**What is needed**
Without any of its pictures, the listing below should be output exactly.

**Given information**
# # # #
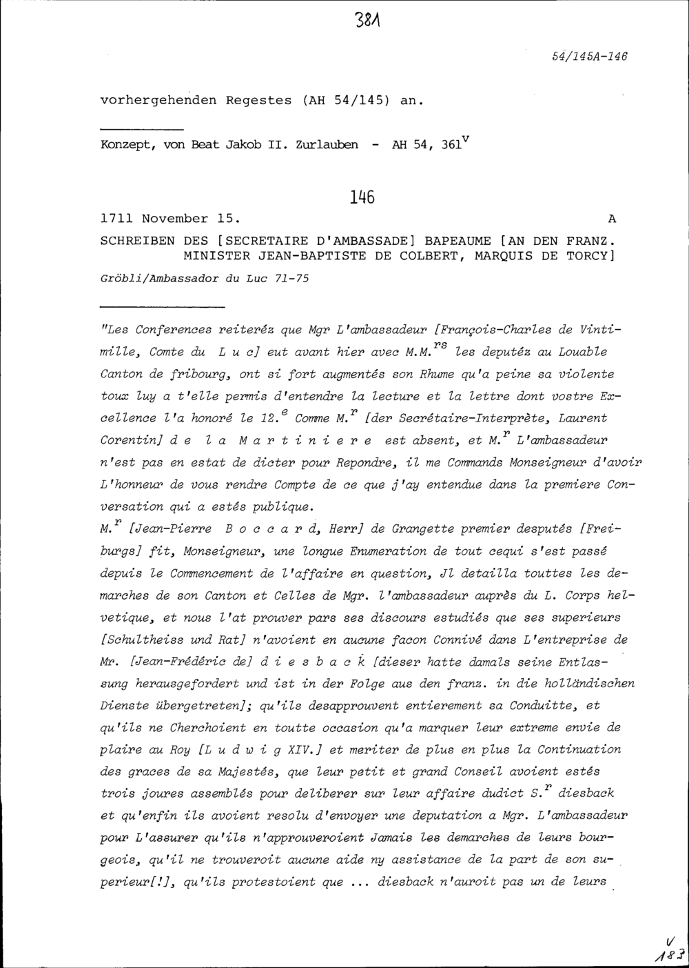 Ansprache von Beat Jakob II. Zurlauben, neue Landvogt in den Freien Ämter, anlässlich seines Aufritts in Villmergen
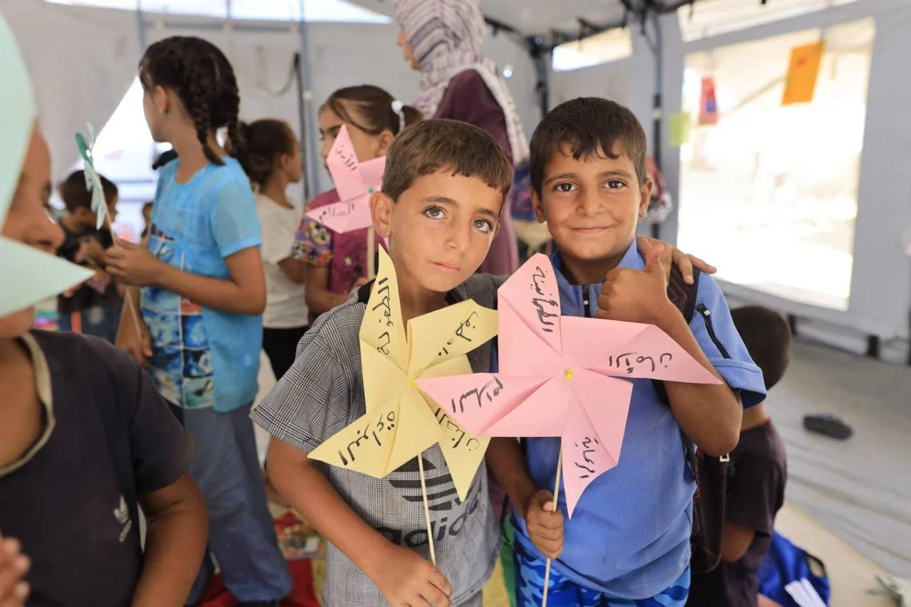 Teacher Neveen encouraged children to make Pinwheels for Peace in Gaza City on September 2, 2025.
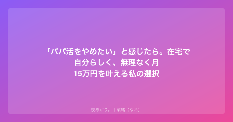 「パパ活をやめたい」と感じたら。在宅で自分らしく、無理なく月15万円を叶える私の選択
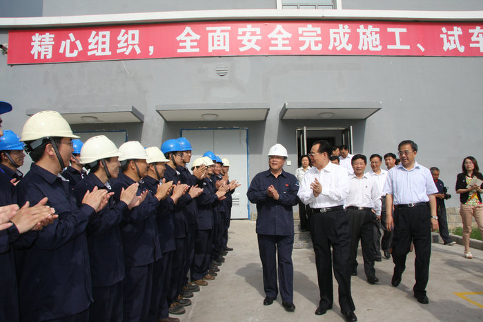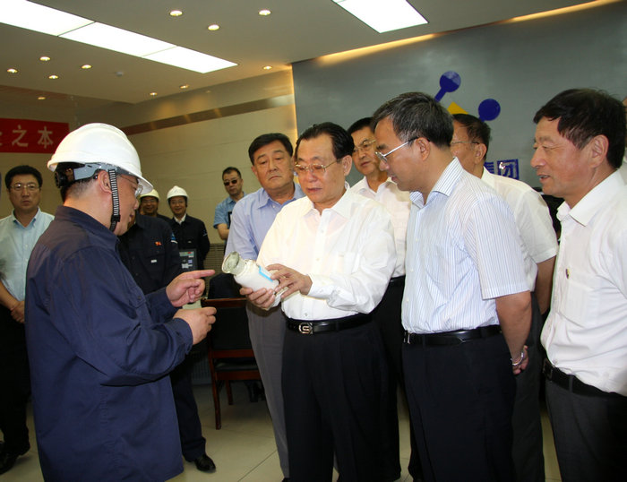 7月9日下午,在内蒙古自治区党委书记、人大常委会主任胡春华,全国政协经济委员会副主任张国宝,自治区政协主席任亚平,自治区党委常委、秘书长符太增,呼伦贝尔市市委书记罗志虎的陪同下,中央政治局委员、全国政协副主席王刚来到金新化工进行视察。
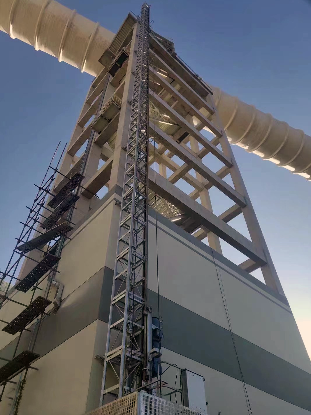 廊坊凱博建設(shè)機(jī)械科技有限公司(以下簡(jiǎn)稱:凱博科技)是中國(guó)建研院下屬北京建筑機(jī)械化研究院有限公司的全資子企業(yè)(三級(jí)中央企業(yè)),齒輪齒條式工業(yè)升降機(jī)在具有挑戰(zhàn)性的環(huán)境下也能為用戶提供安全可靠、運(yùn)行高效的垂直升降設(shè)備,為工業(yè)設(shè)備的維護(hù)、維修提供快速通道。京秦?zé)犭婍?xiàng)目是國(guó)家鼓勵(lì)發(fā)展的熱電聯(lián)產(chǎn)項(xiàng)目、是城市集中供熱民生工程項(xiàng)目、是促進(jìn)京津冀協(xié)同發(fā)展典型的傳統(tǒng)產(chǎn)業(yè)轉(zhuǎn)型升級(jí)項(xiàng)目。凱博科技提供了兩臺(tái)SC100煙道CEMS平臺(tái)工業(yè)升降機(jī),為檢測(cè)人員到達(dá)煙氣監(jiān)測(cè)平臺(tái)提供便利。
# # # #
**Output for this exercise**
 Ansprache von Beat Jakob II. Zurlauben, neue Landvogt in den Freien Ämter, anlässlich seines Aufritts in Villmergen
 Teacher Neveen encouraged children to make Pinwheels for Peace in Gaza City on September 2, 2025.
 「パパ活をやめたい」と感じたら。在宅で自分らしく、無理なく月15万円を叶える私の選択
 7月9日下午,在内蒙古自治区党委书记、人大常委会主任胡春华,全国政协经济委员会副主任张国宝,自治区政协主席任亚平,自治区党委常委、秘书长符太增,呼伦贝尔市市委书记罗志虎的陪同下,中央政治局委员、全国政协副主席王刚来到金新化工进行视察。
 廊坊凱博建設(shè)機(jī)械科技有限公司(以下簡(jiǎn)稱:凱博科技)是中國(guó)建研院下屬北京建筑機(jī)械化研究院有限公司的全資子企業(yè)(三級(jí)中央企業(yè)),齒輪齒條式工業(yè)升降機(jī)在具有挑戰(zhàn)性的環(huán)境下也能為用戶提供安全可靠、運(yùn)行高效的垂直升降設(shè)備,為工業(yè)設(shè)備的維護(hù)、維修提供快速通道。京秦?zé)犭婍?xiàng)目是國(guó)家鼓勵(lì)發(fā)展的熱電聯(lián)產(chǎn)項(xiàng)目、是城市集中供熱民生工程項(xiàng)目、是促進(jìn)京津冀協(xié)同發(fā)展典型的傳統(tǒng)產(chǎn)業(yè)轉(zhuǎn)型升級(jí)項(xiàng)目。凱博科技提供了兩臺(tái)SC100煙道CEMS平臺(tái)工業(yè)升降機(jī),為檢測(cè)人員到達(dá)煙氣監(jiān)測(cè)平臺(tái)提供便利。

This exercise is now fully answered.